Самиздат в СССР. Тексты и судьбы - страница 19



.

В феврале 1970 г. суд по делу П. Г. Григоренко, проходивший без обвиняемого, признал его совершившим преступления по ст. 190-1 и 70 УК РСФСР и вынес определение о помещении в психиатрическую больницу. Более четырех лет продержали генерала в психиатрических лечебницах – 40 месяцев в Черняховской спецпсихбольнице, известной своим жестоким режимом и 9 месяцев в московской психбольнице общего типа «Белые столбы».

С трагическими днями генерала Григоренко переплетена судьба молодого врача Семена Глузмана. В 1971 г. в самиздате появились результаты заочной экспертизы, доказывающие факт психического здоровья П. Григоренко, автором которой и был 25-летний врач-психиатр С. Глузман, отдавший за этот документ 10 лет своей жизни – 7 лет в заключение и 3 года в ссылке.

Жена опального генерала Зинаида Михайловна Григоренко многократно обращалась с открытыми письмами к руководителям страны с просьбой освободить ее мужа, а также к руководителям коммунистических партий Великобритании и Италии с просьбой выступить в его защиту (письма распространялись в самиздате). Вызволить генерала из психиатрических застенок пытались А. Д. Сахаров, В. Ф. Турчин, В. Н. Чалидзе и другие правозащитники. П. Г. Григоренко вышел на свободу только в июне 1974 г.
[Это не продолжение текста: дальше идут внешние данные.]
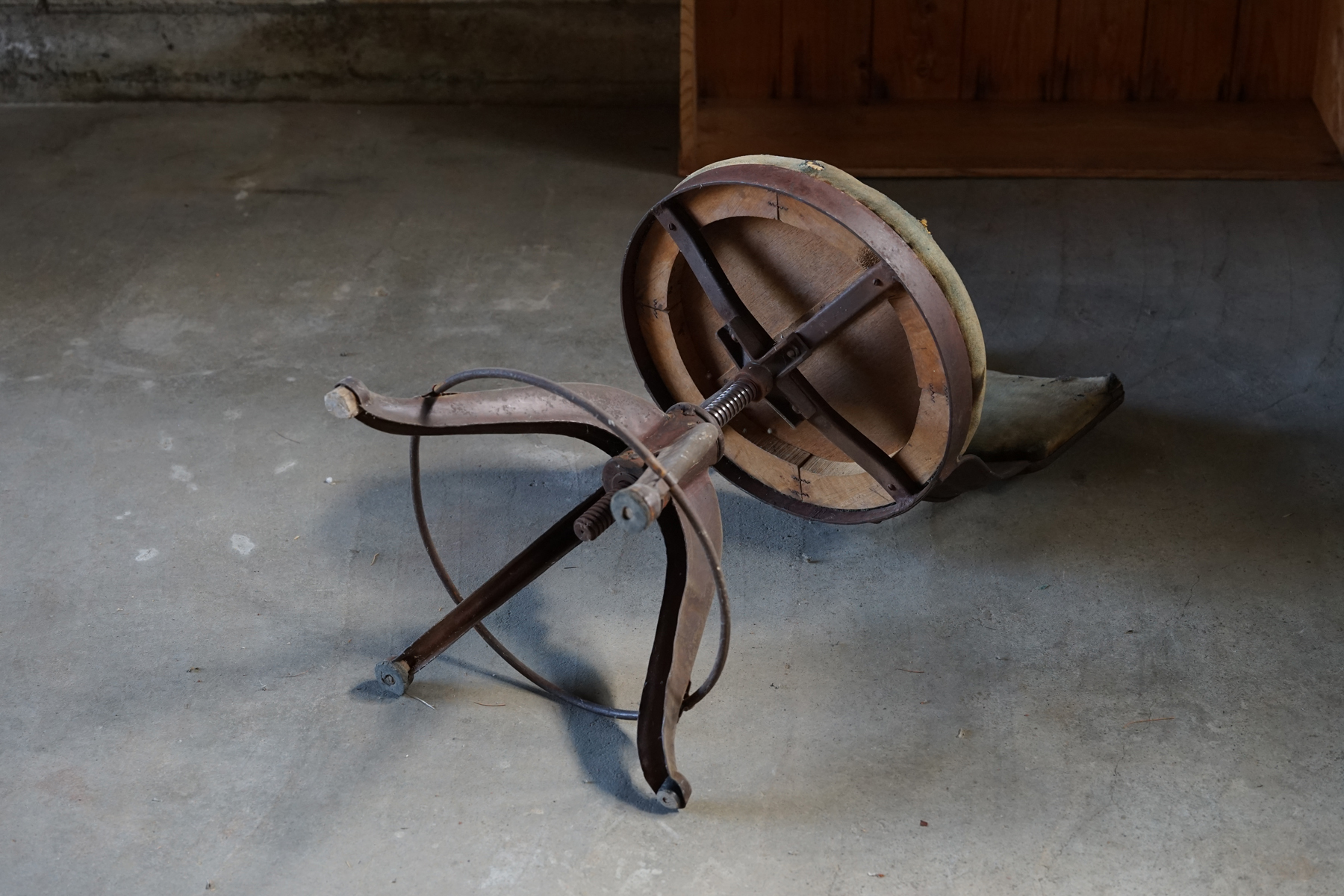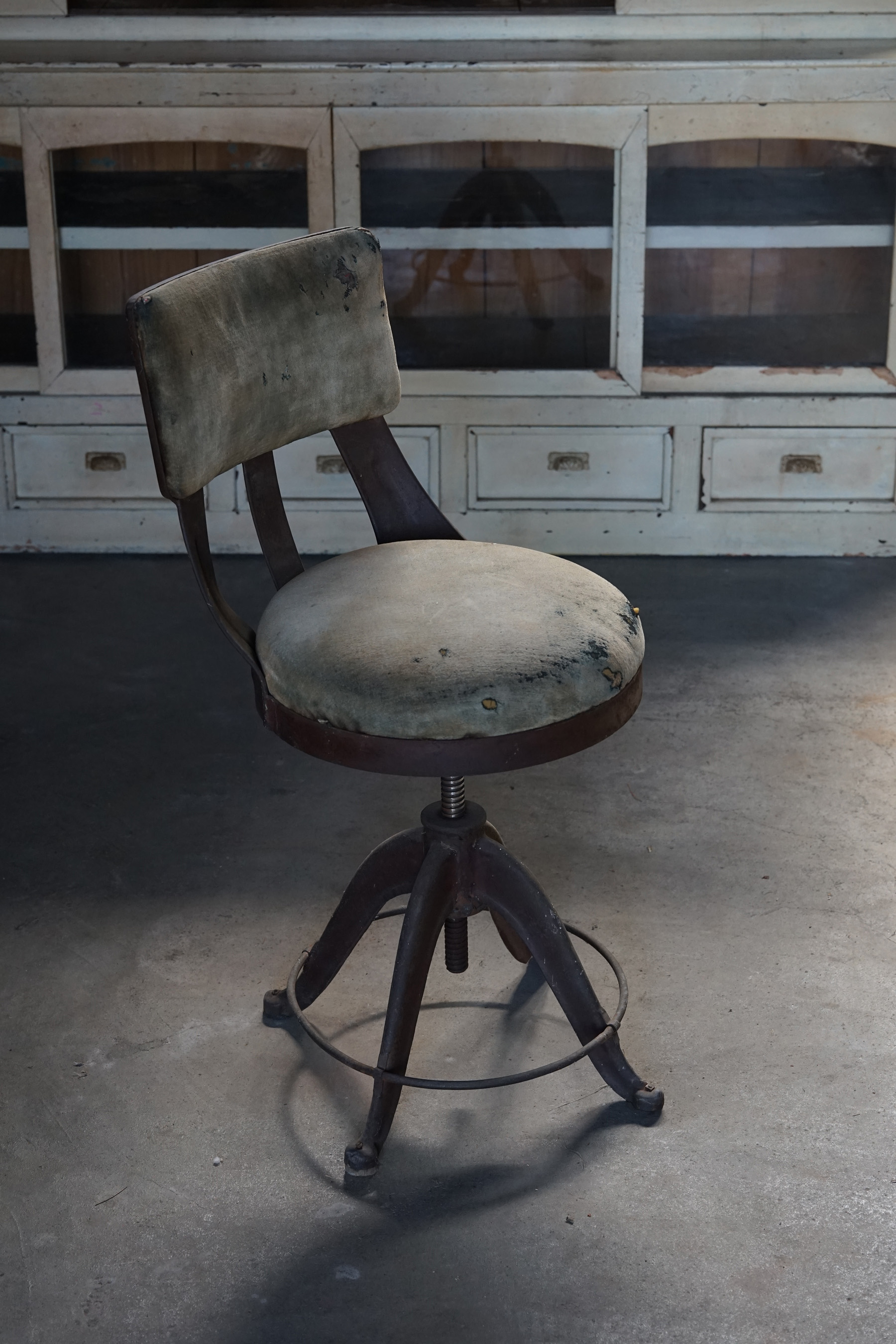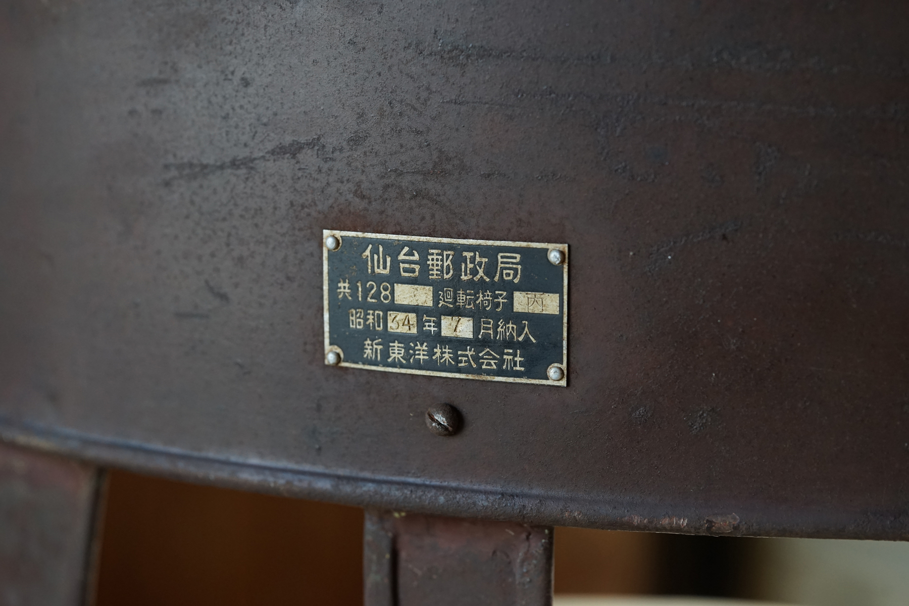 日本の古家具の中でも探すのに苦労する珍しい椅子です。主に昭和初期に郵便局などで使われていたもののようです。どっしりと重みのある味の良い鉄と独特な造形と背のバランスが綺麗です。大変希少な現存数の少ないアイテムです。高さ調節も可能です。

В 1976 г. Петр Григорьевич вместе с Людмилой Алексеевой, Еленой Боннэр, Анатолием Марченко, Александром Гинзбургом, Юрием Орловым и другими правозащитниками подписал учредительный документ о создании независимой общественной Группы содействия выполнению Хельсинкских соглашений.

В конце 1977 г. 70-летний правозащитник получил разрешение на 6-месячную поездку в США для хирургической операции и в гости к сыну. Находясь в Соединенных Штатах, он воздерживался от политических заявлений, напротив, называл гуманным решение советского правительства предоставить ему возможность поправить здоровье за границей. Но 13 февраля 1978 г. П. Г. Григоренко был лишен советского гражданства «за действия, наносящие ущерб престижу СССР». Изгнание было для ветерана Великой Отечественной войны тяжелейшим ударом. Он называл себя «эмигрантом поневоле» и неоднократно обращался в Президиум Верховного Совета СССР и к главам стран, подписавших Заключительный акт в Хельсинки, с требованием вернуться на Родину, выражая готовность предстать перед судом и доказать свою невиновность. В последние годы жизни, находясь на чужбине, Петр Григорьевич не отказался от правозащитной деятельности. Он выступал в защиту политзаключенных в СССР и против войны в Афганистане, написал воспоминания, которые сегодня представляют огромный интерес для изучения истории диссидентского движения в Советском Союзе[73].

Заочная посмертная комплексная экспертиза, проведенная комиссией из 13 ведущих российских специалистов в 1991 г. по постановлению Главной военной прокуратуры, показала, что принудительное лечение П. Г. Григоренко было необоснованным, т. к. психическим заболеванием он не страдал[74].

Людмила Алексеева, возглавляющая сегодня Московскую Хельсинкскую группу, в одном из интервью[75] на вопрос о самом тяжелом решении, которое ей приходилось принимать в жизни, назвала решение подписать свое первое письмо протеста в 1967 г. Отмечая смысловые различия понятий «инакомыслие» и «инакодействие», правозащитница объяснила свою точку зрения: «Когда моего друга Юлика Даниэля арестовали, были письма в его поддержку его друзей и его коллег-писателей. Я не участвовала в этой кампании, просто мне не приходило в голову, что я могу сказать что-то особенное. Я с упоением читала эти письма, перепечатывала их, распространяла. <…> Мы не были инакомыслящие. Потому что подавляющее большинство думающих людей думало так, как мы. <…> Другое дело – инакодействующие…» Именно к инакодействию, требующему большого мужества, а иногда и самоотречения, с учетом понимания последствий, ветеран правозащитного движения относит участие в оппозиционных демонстрациях, публичные выступления на собраниях, личные подписи под письмами протеста.